• **EXERCISE OBJECTIVE**: Print the lines in the listing below starting at the line with "Ein bedrohlicher Himmel" and ending at the line with "With KChords you", both included. Reproduce them exactly and omit every picture.

• **EXERCISE DATA**:
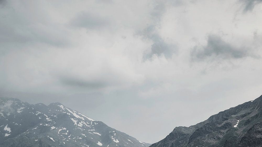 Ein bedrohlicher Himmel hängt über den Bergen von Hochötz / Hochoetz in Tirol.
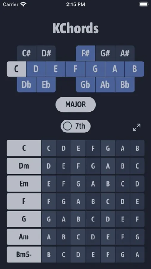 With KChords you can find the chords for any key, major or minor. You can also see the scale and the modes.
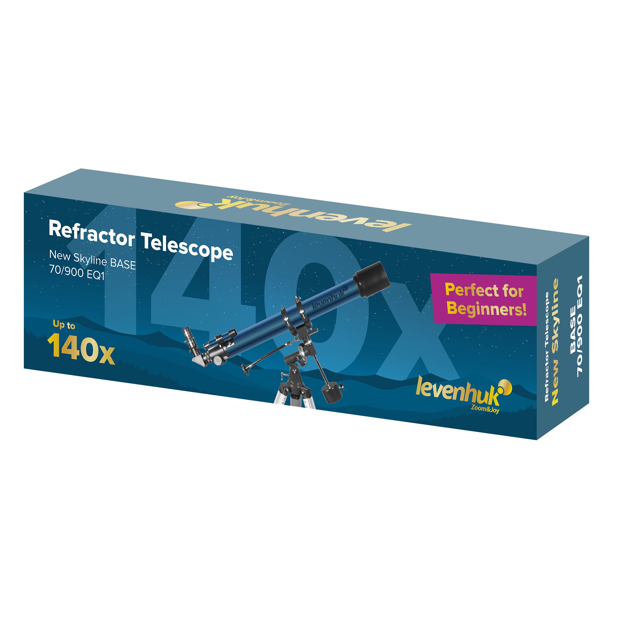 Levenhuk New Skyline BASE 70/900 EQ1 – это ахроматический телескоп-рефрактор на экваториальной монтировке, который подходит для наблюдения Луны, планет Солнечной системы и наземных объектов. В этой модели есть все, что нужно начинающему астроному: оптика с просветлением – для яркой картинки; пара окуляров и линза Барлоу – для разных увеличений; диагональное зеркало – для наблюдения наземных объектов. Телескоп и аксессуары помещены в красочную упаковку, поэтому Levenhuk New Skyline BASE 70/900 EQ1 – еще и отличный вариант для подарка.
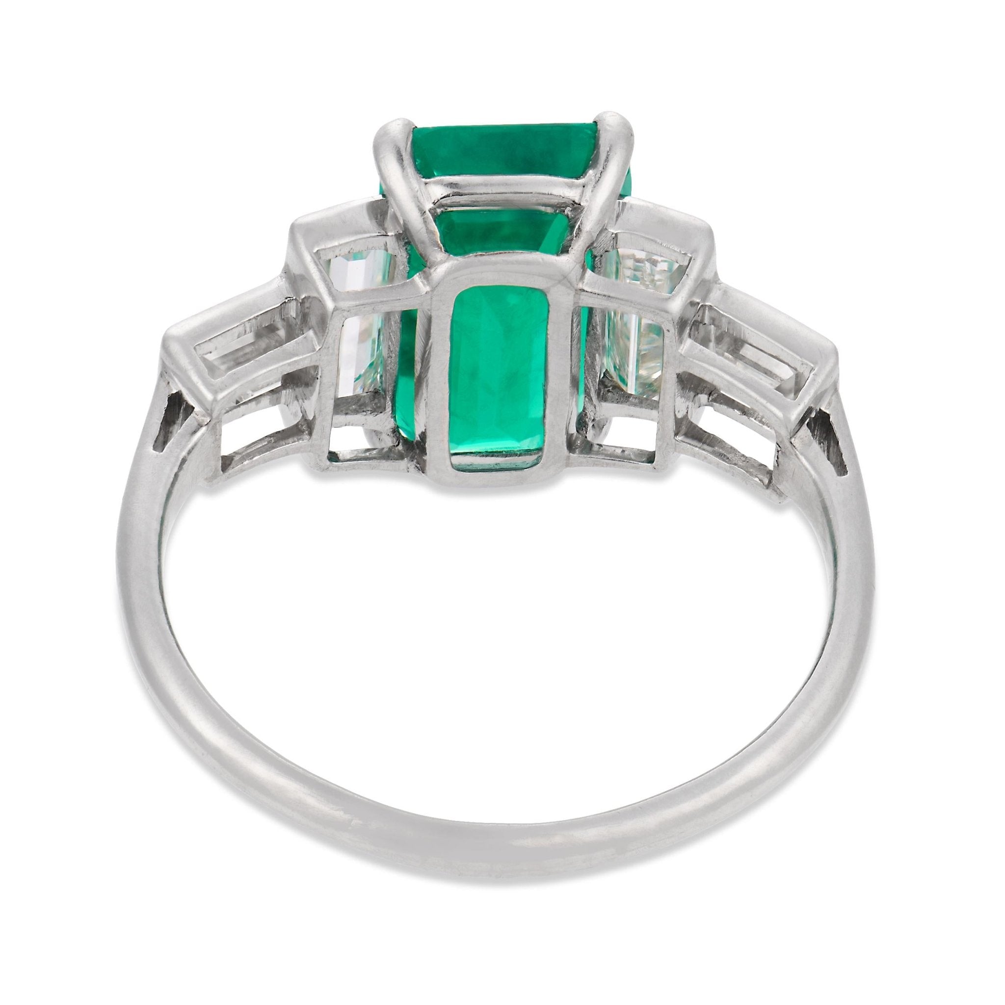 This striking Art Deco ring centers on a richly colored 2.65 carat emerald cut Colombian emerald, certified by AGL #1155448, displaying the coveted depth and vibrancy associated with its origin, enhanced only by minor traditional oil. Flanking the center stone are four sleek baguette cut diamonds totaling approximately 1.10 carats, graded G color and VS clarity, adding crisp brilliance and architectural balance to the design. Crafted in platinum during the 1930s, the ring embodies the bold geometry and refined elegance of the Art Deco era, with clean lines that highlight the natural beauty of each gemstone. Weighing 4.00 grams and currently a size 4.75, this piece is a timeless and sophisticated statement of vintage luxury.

...

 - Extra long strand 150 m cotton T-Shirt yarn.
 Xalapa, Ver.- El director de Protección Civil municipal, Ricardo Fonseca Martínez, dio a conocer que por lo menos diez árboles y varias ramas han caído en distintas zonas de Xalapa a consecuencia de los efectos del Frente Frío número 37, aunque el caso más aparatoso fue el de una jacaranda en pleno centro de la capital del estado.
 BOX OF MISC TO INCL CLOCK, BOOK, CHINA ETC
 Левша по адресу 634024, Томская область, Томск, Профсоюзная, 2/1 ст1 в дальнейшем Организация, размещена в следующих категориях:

• **YOUR SOLUTION**:
 Ein bedrohlicher Himmel hängt über den Bergen von Hochötz / Hochoetz in Tirol.
 With KChords you can find the chords for any key, major or minor. You can also see the scale and the modes.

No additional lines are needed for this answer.